In the context of personnel selection, gender differences in language have been highlighted as a way bias can be introduced at the application (e.g., résumé, cover letter, etc.), screening and interview levels. Investigating the bias at the application level, Foley and Williamson (2018) observed that recruiters were able to use implicit signals and cues to infer the gender identities of applicants in anonymized job applications, reintroducing the possibility of gender bias. The well-publicized experiment at Amazon where a resume parser built with past data generating gender-biased outcomes is a good example of how language bias can influence predictive machine learning models. In this work, we present the examination of gender differences in language observed at the assessment level using data from a text-chat based automated structured interview. Structured interviews have been shown to reduce bias over unstructured interviews (Levashina et al., 2014).

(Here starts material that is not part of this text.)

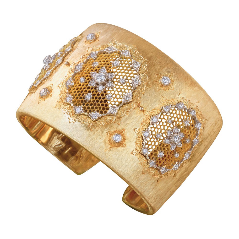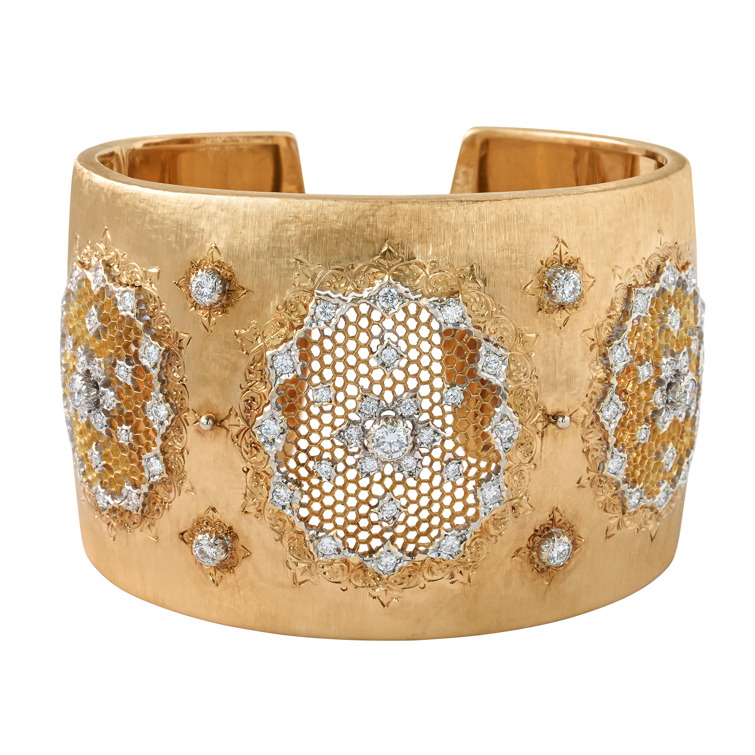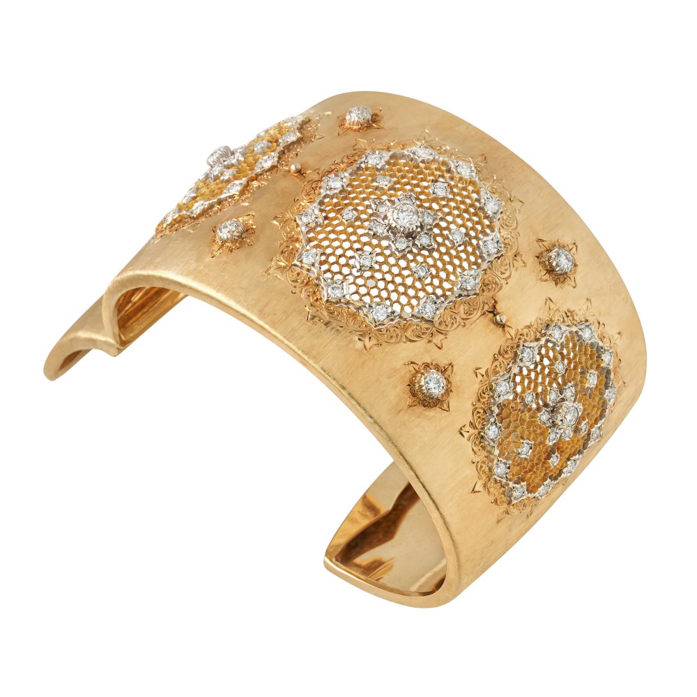 Composed of round brilliant-cut diamonds set in a pierced and engraved cuff bracelet.

We aimed to quantify the amount of gender information contained in 1) the raw text
responses to structured interview questions, and 2) the measures (or features) calculated from the responses as per the interview scoring rubric (e.g., personality traits, behavioral competencies, communication skills etc.). Quantification of gender-related information is achieved by training machine learning models to predict gender from raw text and derived features, respectively, and using their accuracies as proxies for the gender information1 present in each case. We hypothesized that features derived according to a clearly defined rubric would contain less gender information compared to raw candidate responses.